A Dynamics and Control Study of the New H1N1 Influenza with Two Roots of Infection: The Impact of Optimal Vaccination and Treatment

H1N1 influenza, also known as swine flu, is a subtype of the influenza A virus that can infect humans, pigs, and birds. Sensitivity analysis and optimal control studies play a crucial role in understanding the dynamics of H1N1 influenza. In this study, we have derived a mathematical model incorporating both symptomatic and asymptomatic infections, as well as vaccination, to assess the impact of key parameters on disease transmission. Also, we have assumed a density-dependent infection transmission in the modeling process of H1N1 dynamics.

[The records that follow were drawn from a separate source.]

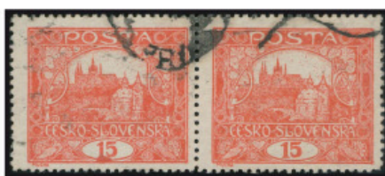
15 h cihlově červená – základní odstín 15h – 15h, 40 a 20 7.TD – společný typ Na horním okraji je upravená deska 15h – 15h, 40 a 20 7.TD – společný typ 15h – 15h, 40 a 20 7.TD – společný typ
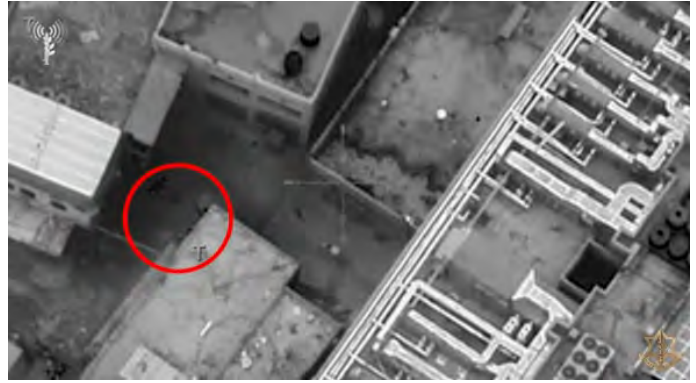
מימין: ירי לעבר כוחות צה"ל מבית החולים אלשפאא'. משמאל: הפעלת המטען לעבר הכוחות (דובר צה"ל, 18 במרץ 2024)
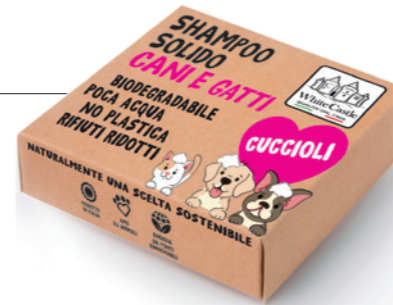
art. 1108 SHAMPOO SOLIDO CUCCIOLI 70g
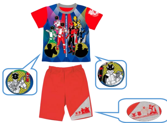
▲商品と温めた後のイメージ(吹出し内)

▲『カラチェンパジャマ 快盗戦隊ルパンレンジャーVS警察戦隊パトレンジャー』(2色展開:レッド・全グレー)
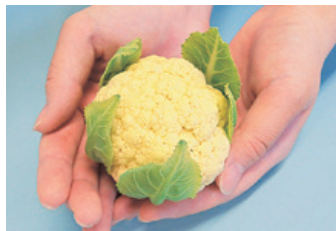
早どりで美味しいいただく「姫かりふ®」

田野畑村のシタケ生産者に導入された入門用夏どりイチゴの栽培システムは、入門用の役割を果たし、生産者が初めて栽培したにもかかわらず、この夏を通してイチゴが出荷されました。そこで、その栽培や販売の方法、課題を議論するために、10月に研究会「三陸で夏イチゴを作ろう in 田野畑」を開催したところ、岩手県だけでなく、東京、青森からの40名近くの参加者が活発に討議し、夏イチゴ生産拠点として、三陸のポテンシャルの高さが感じられました。来年は大槌町にもこの夏イチゴ栽培システムが導入されます。

We determine the basic reproduction number using the next-generation matrix method and found that the disease-free equilibrium is stable when the basic reproduction number R 0 < 1 and the endemic equilibrium exists and is stable globally when R 0 > 1 . By performing sensitivity analysis, the most influential factors affecting infection spread are identified, aiding in targeted intervention strategies. Optimal control techniques are then applied to determine the best approaches to minimize infections while considering resource constraints. The findings provide valuable insights for public health policies, offering effective strategies for mitigating H1N1 outbreaks and enhancing disease management efforts using optimal vaccination.